From: Marcel Schneider via Unicode <unicode_at_unicode.org>
Date: Sat, 19 Jan 2019 01:05:31 +0100

On 18/01/2019 23:46, Shawn Steele wrote:
>
> *>> *Keeping these applications outdated has no other benefit than providing a handy lobbying tool against support of NNBSP.
>
> I believe you’ll find that there are some French banks and other institutions that depend on such obsolete applications (unfortunately).
>
If they are obsolete apps, they don’t use CLDR / ICU, as these are designed for up-to-date and fully localized apps. So one hassle is off the table.
>
> Additionally, I believe you’ll find that there are many scenarios where older applications and newer applications need to exchange data.  Either across the network, the web, or even on the same machine.  One app expecting NNBSP and another expecting NBSP on the same machine will likely lead to confusion.
>
I didn’t look into these date interchanges but I suspect they won’t use any thousands separator at all to interchange data. The group separator is only for display and print, and there you may wish to use a compat library for obsolete apps, and a newest library for apps with Unicode support. If an app is so obsolete it will keep working without new data from ICU.
>
> This could be something a “new” app running with the latest & greatest locale data and trying to import the legacy data users had saved on that app.  Or exchanging data with an application using the system settings which are perhaps older.
>
Again I don’t believe that apps are storing numbers with thousands separators in them. Not even spreadsheet software does do that. I say not even because these are high-end apps with latest locale data expected.

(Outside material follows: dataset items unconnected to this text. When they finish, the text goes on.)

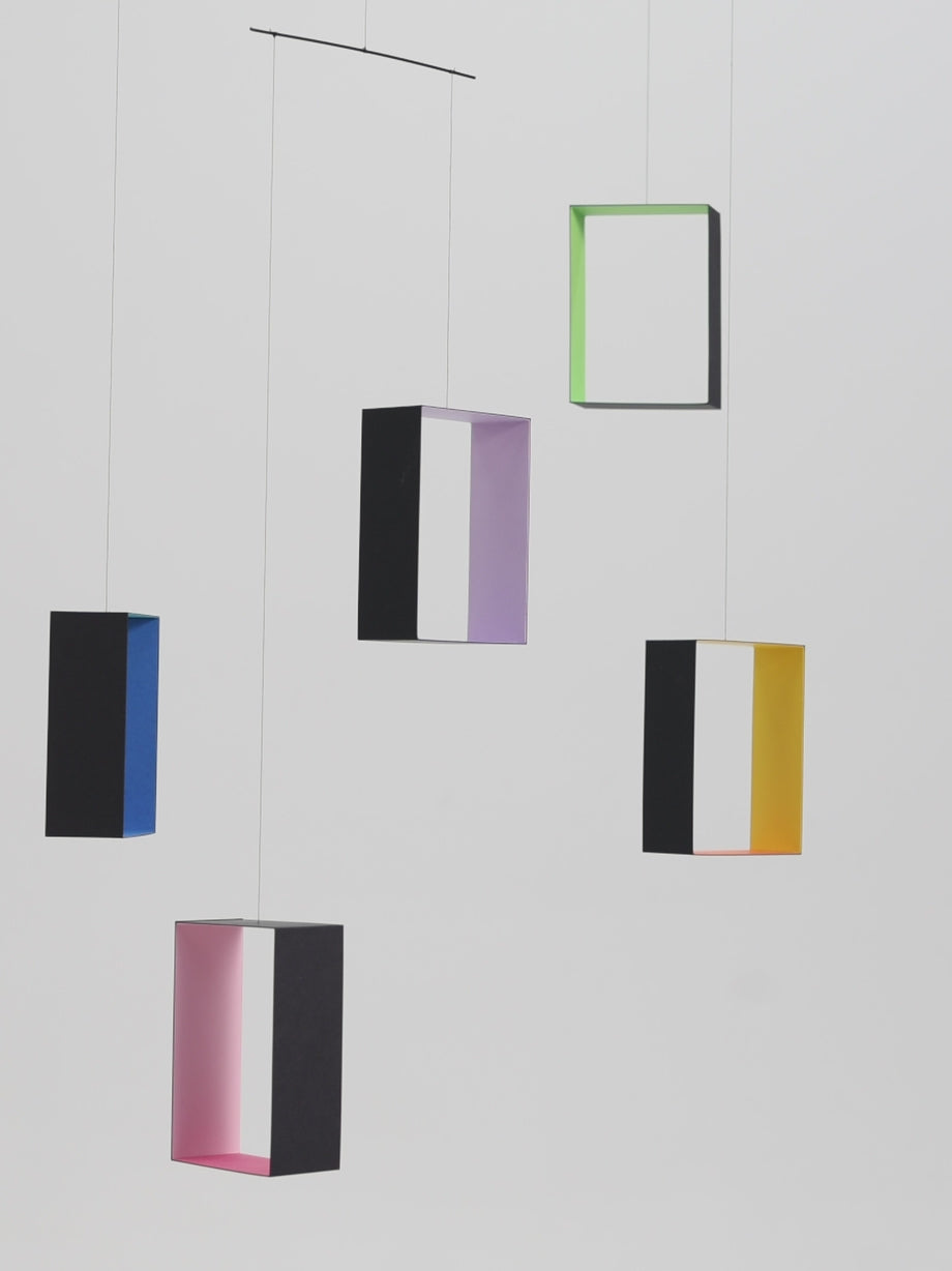 The Flensted Perspectives Mobile, designed by Ole Flensted in 2015, brings ever-changing views to your space. Its colorful frames shift with every turn, offering playful perspectives and framing your surroundings in a fresh way. Ideal for living rooms, bedrooms, kitchens, or offices.
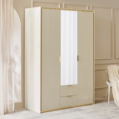 Modern Radiance 3-Door Wardrobe with Mirror and Drawers - Cream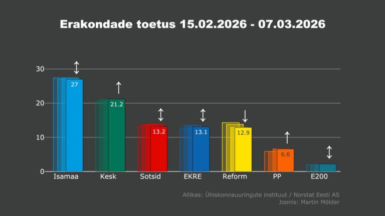 Avaldatud: 13 märts, 2026Erakondade toetusmaastik püsib võrreldes eelmise nädalaga suuresti muutumatu, märgib Tartu Ülikooli teadlane Martin Mölder.
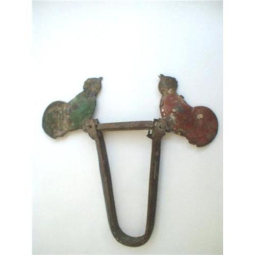 A very fine toy from pre 1950?s and could be older . The toy has a handle at the lower side and the upper side has two roosters . Upon pressing the lower handle towards each other , both the roosters on top moves towards each other as if fighting , the function repeats upon pressing the handle again and again . The roosters are painted green and red . The toy is in good shape and functional but still need a little repair to make it functional better.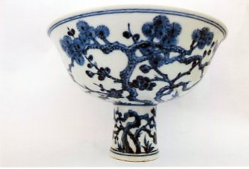 大明宣德年製青花松梅竹紋高足碗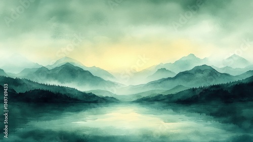 Serene misty mountain lake landscape at sunrise.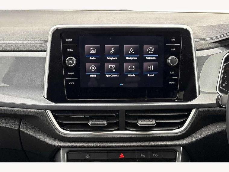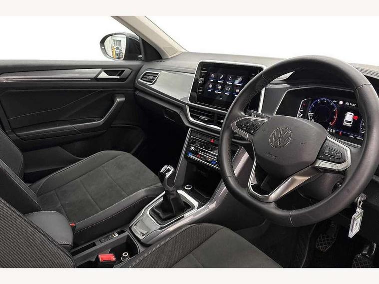 10.25" Digital cockpit pro, Advanced driver attention and drowsiness monitor, Emergency call service, Lane keeping system Lane Assist, Mobile phone interface, Modified key software - reduce switch off time for key status change to Long no motion, Online services, Park assist including front and rear parking sensors, Power assisted speed sensitive steering, Service interval indicator, Tailgate/trunk lid release from outside, Think blue trainer driver tips and journey analysis, Warning sound and light for front seatbelts unfastened, Wireless app connect, Battery regeneration during braking, Start/stop function with battery regeneration, DAB Digital radio, Diversity antenna for FM reception, Front and rear 6 speakers, Music playback - MP3, WMA and AAC files, Premium USB cable in choice of either Apple or Android smartphone compatibility, SD card slot, Simultaneous pairing of 2 compatible mobile devices, Title and cover art display, We Connect and We Connect Plus functionality, Auto dimming interior rear view mirror, Automatic hazard lights activation under emergency braking, Automatic headlight control with LED separate daytime running lights with coming/leaving home function, Body colour sports bumpers with silver metallic underbody fascia, Body coloured exterior mirror housings and door handles, Dynamic headlight range control with self adjusting whilst driving, Electrically adjustable and heated door mirrors, Extended roof spoiler, Exterior mirrors aspherical on driver side, convex on front passenger side, External USB type C socket and charging sockets, Front windscreen wiper with intermittent wipe and 4 position delay, Heated rear window, LED 3rd brake light, LED rear combination lamps, LED rear number plate lights, Light mode for poor weather, rain, fog or snow, Power windows with comfort operation and circuit breaker, Privacy glass for rear side windows and rear window, Rain sensor, Rear exhaust tailpipe, Rear fog light on one side and reversing lights on both sides, Rear side wing doors, Rear wash/wipe with intermittent wipe setting, Remote electrically foldable door mirrors, puddle lights and reverse activated passenger's door mirror, 12V power socket in centre console, 3 rear head restraints, 3 seat bench in 2nd row, 4 load lashing points in luggage compartment, Air care climatronic air conditoning system with active combination filter and 2-zone temperature control, Chrome plated radiator grille inserts, air vent surrounds and light switch surrounds, Door and side trim panel with leatherette insert, Drawer under drivers seat, Front + rear carpet mats, Front centre armrest, Front comfort sports seats, Front cupholders x 2, Front footwell illumination, Front seat back storage pockets, Glove compartment door with light, Instrument lighting, white adjustable panel illumination, Interior ambient lighting and surround lighting, Interior light delay, Isofix child seat preparation, Leather gearshift handle, LED interior light with switch off delay/dimmer and 2 front/rear LED reading lights, Load-through provision with cup holder when folded down ('Unsplit rear seat bench, split folding backrest, with centre armrest), Luggage compartment lighting, Non-folding front passenger seat backrest, Single front passenger seat, Storage compartment in left and right luggage area, Storage compartment in rear doors, Storage compartments in driver and front passenger doors, Sunvisors with illuminated vanity mirrors, Variable boot floor, height adjustable and removable, Driver assistance pack without proactive passenger protection - T-Roc, 3 point height adj front seatbelts + pretensioners, 3 point seatbelts in outer rear with ECE label, ABS, Child locks on rear doors, City emergency braking and pedestrian monitoring, Driver and front passenger airbag with front passenger airbag deactivation, Driver and front passenger safety-optimised head restraints, Drivers seatbelt reminder, Electronic parking brake, Electronic Stability Control (ESC) inc EDL (Electronic Differential Lock) and ASR (Traction Control), Front and rear passengers curtain airbag system including front side airbags, Predictive pedestrian protection, Rear disc brakes, Two tone horn, Tyre pressure loss indicator, Volkswagen roadside assistance, Deep iron grey decorative inserts in dashboard, centre console and front door trim panels, Trims for alloy wheels,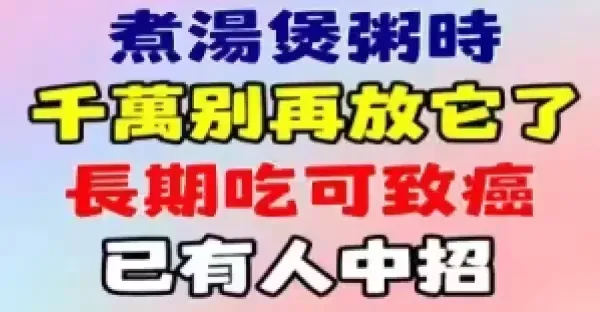 常常喝湯的要注意!煮湯煲粥千萬別再放它了,長期吃可致癌!已有人中招!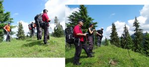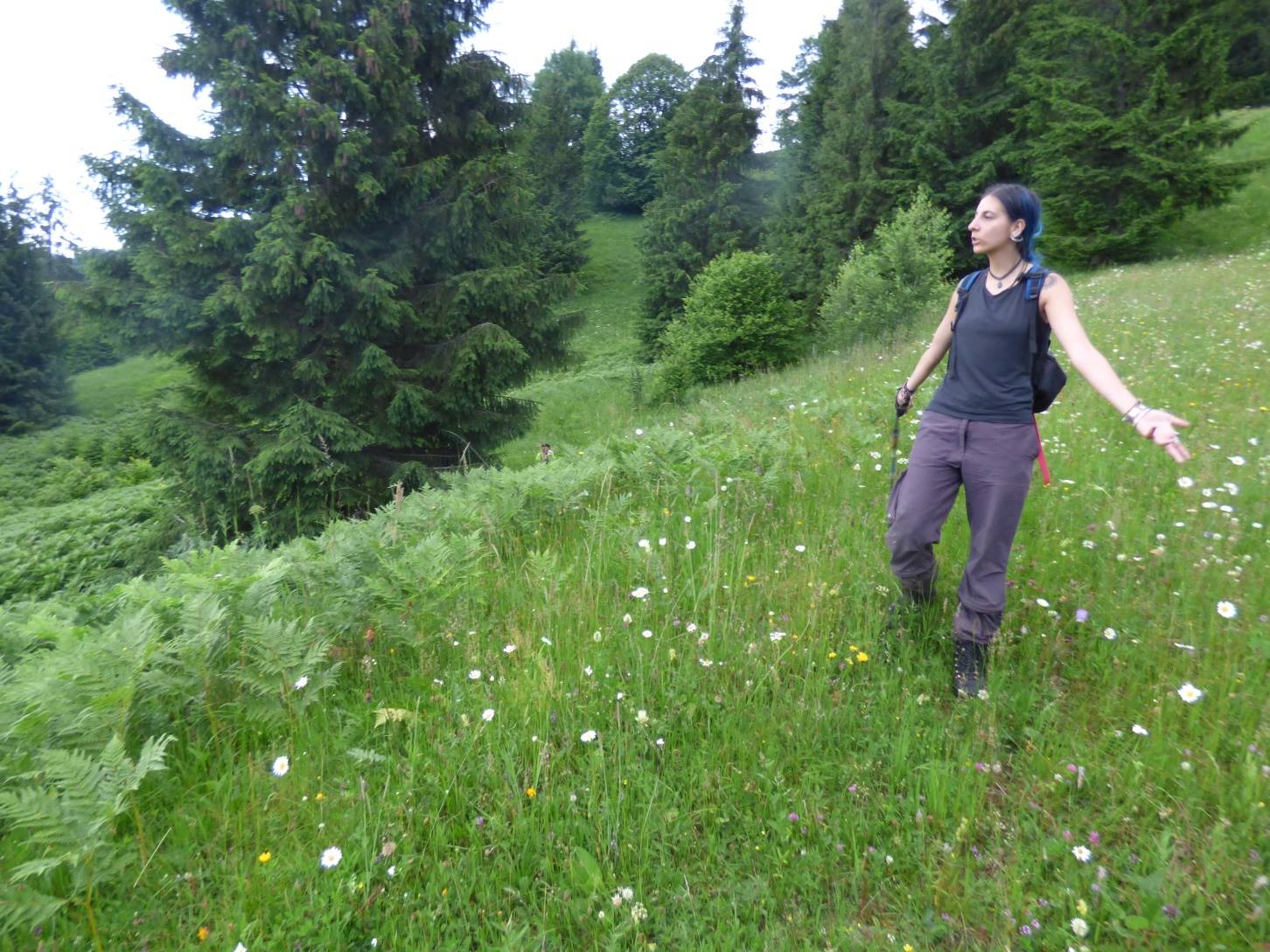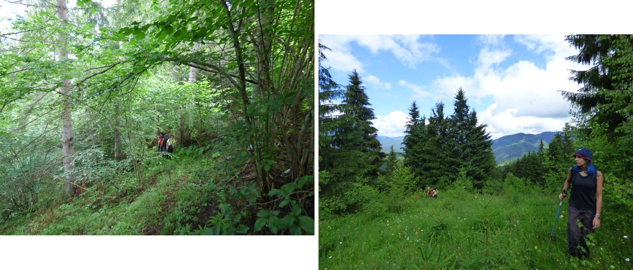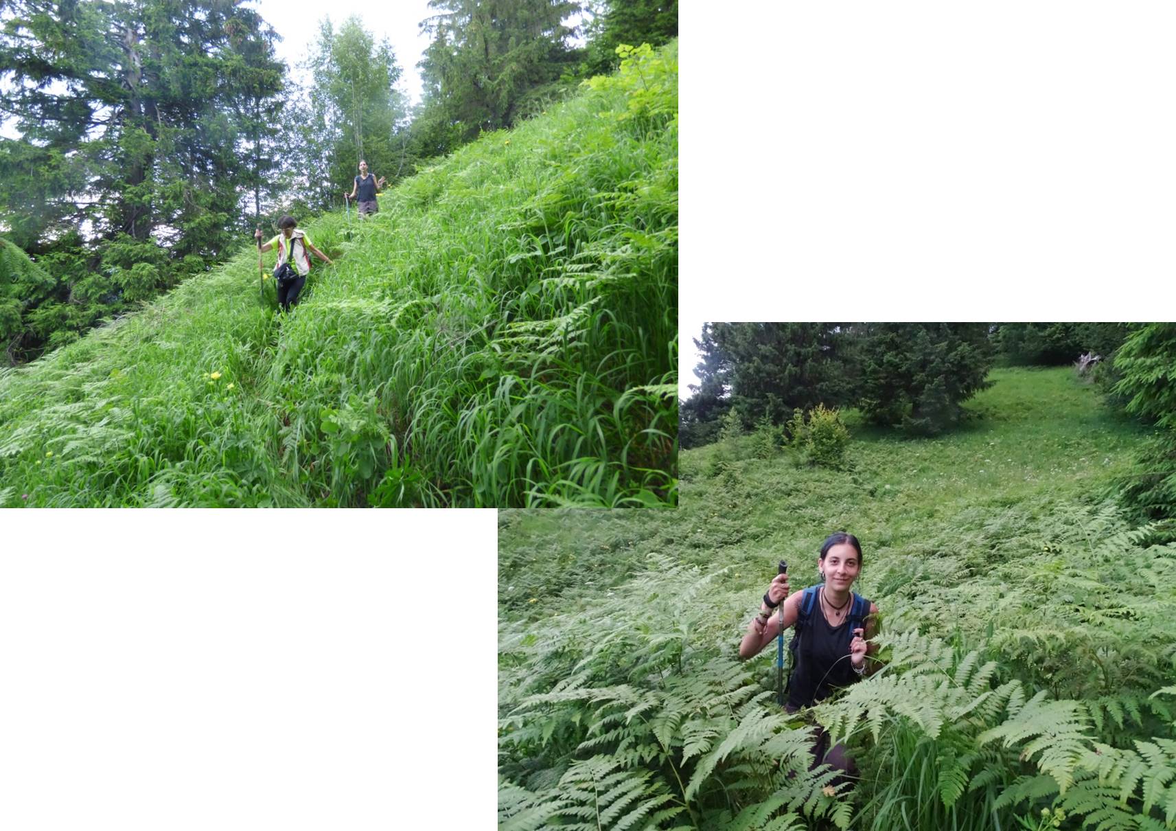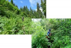 … o facem pe o veche potecă pastorală ce taie coastele vârfului pe versantul său nordic, dar care, spre final se cam încâlcește în vegetația luxuriantă ce crește peste resturile unor defrișări relativ recente !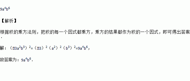 计算:(﹣3a2b3)2= .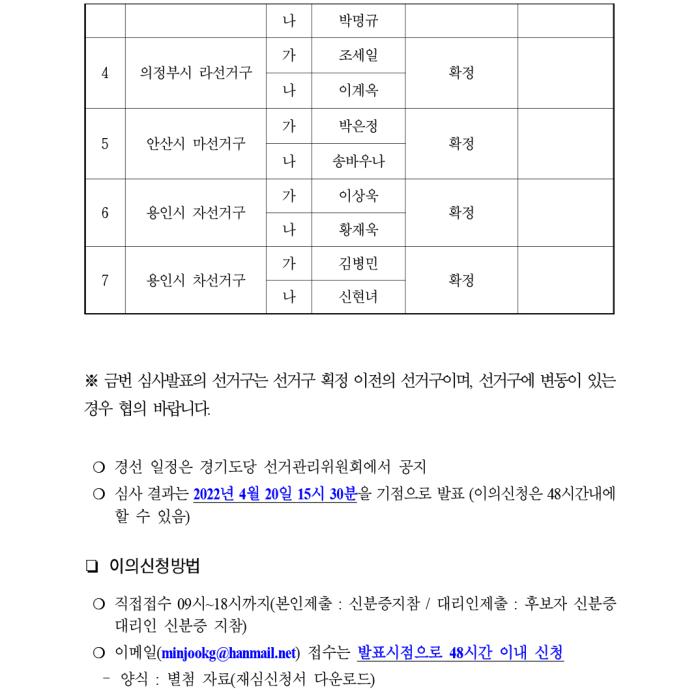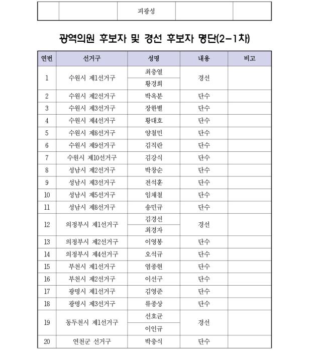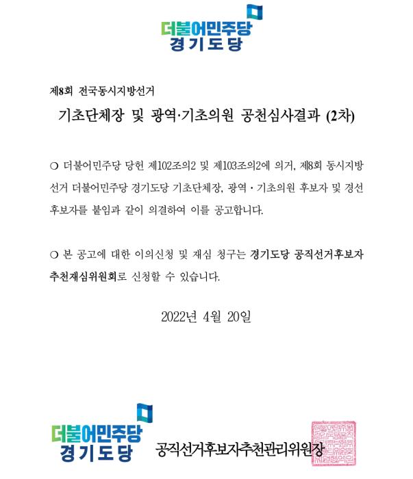 더불어민주당 경기도당은 20일 오후 6.1지방선거 기초단체장 및 광역·기초의원 2차 공천심사 결과를 발표하였다.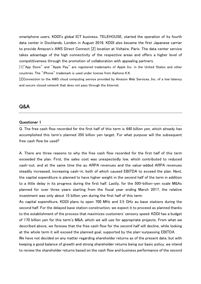 Performance Highlights and Q&A: First Half of the Fiscal Year Ending March 2017 (Japan)

Sorry you did skip this one:

>> What are all these expected to do while localized with scripts outside Windows code pages?

Indeed that is the paradox, that Tirhuta users are entitled to use correct display with newest data, while Latin users are bothered indefinitely with old data and legacy display.
>
> >> Also when you need those apps, just tailor your French accordingly.
>
> Having the user attempt to “correct” their settings may not be sufficient to resolve these discrepancies because not all applications or frameworks properly consider the user overrides on all platforms.
>
Not the user. I’m addressing your concerns as coming from the developer side. I meant you should use the data as appropriate, and if a character is beyond support, just replace it for convenience.
>
> >> That should not impact all other users out there interested in a civilized layout.
>
> I’m not sure that the choice of the word “civilized” adds value to the conversation.
>
That is to express in a mouthful of English what user feedback is or can be, even if not all the time. Users are complaining about quotation marks spaced off too far when typeset with NBSP like Word does. It’s really ugly they say. NBSP is a character with precise usage, it’s not a one-size-fits-all. BTW as you are in the job, why does Word not provide an option with a checkbox letting the user set the space as desired? NBSP or NNBSP.
>
>   We have pretty much zero feedback that the OS’s French formatting is “uncivilized” or that the NNBSP is required for correct support.
>
That is, at some point users stop submitting feedback when they see of how little use it is spending time to post it. From the pretty much zero you may wish to pick the one or two you get, guessing that for one you get there are one thousand other users out there having the same feedback but not submitting it. One thousand or one million, it’s hard to be precise…
>
> >> As long as SegoeUI has NNBSP support, no worries, that’s what CLDR data is for.
>
> For compatibility, I’d actually much prefer that CLDR have an alt “best practice” field that maintained the existing U+00A0 behavior for compatibility, yet allowed applications wanting the newer typographic experience to opt-in to the “best practice” alternative data.  As applications became used to the idea of an alternative for U+00A0, then maybe that could be flip-flopped and put U+00A0 into a “legacy” alt form in a few years.
>
You dont need that field in CLDR. Here’s how it works: Take the locale data, search-and-replace all NNBSP with NBSP, and here’s the library you’ll use.
Because NNBSP is not only in the group separator. I’d suggest to download common/main/fr.xml and check all instances of NNBSP. The legacy apps you’re referring to don’t use that data for sure. That data is for fine high-end apps and for user interfaces of Windows and any other OS. If you want your employer be well-served, you’d rather prefer the correct data, not legacy fallbacks.
>
> Normally I’m all for having the “best” data in CLDR, and there are many locales that have data with limited support for whatever reasons.  U+00A0 is pretty exceptional in my view though, developers have been hard-coding dependencies on that value for ½ a century without even realizing there might be other types of non-breaking spaces.  Sure, that’s not really the best practice, particularly in modern computing, but I suspect you’ll still find it taught in CS classes with little regard to things like NNBSP.
>
There have been threads about Unicode in CS curricula. I don’t believe that teachers would be doing any good to their students by training them to ignore Unicode. These people would be unresponsive through not preparing their students for real life. But I won’t base any utterings on mere suspicions.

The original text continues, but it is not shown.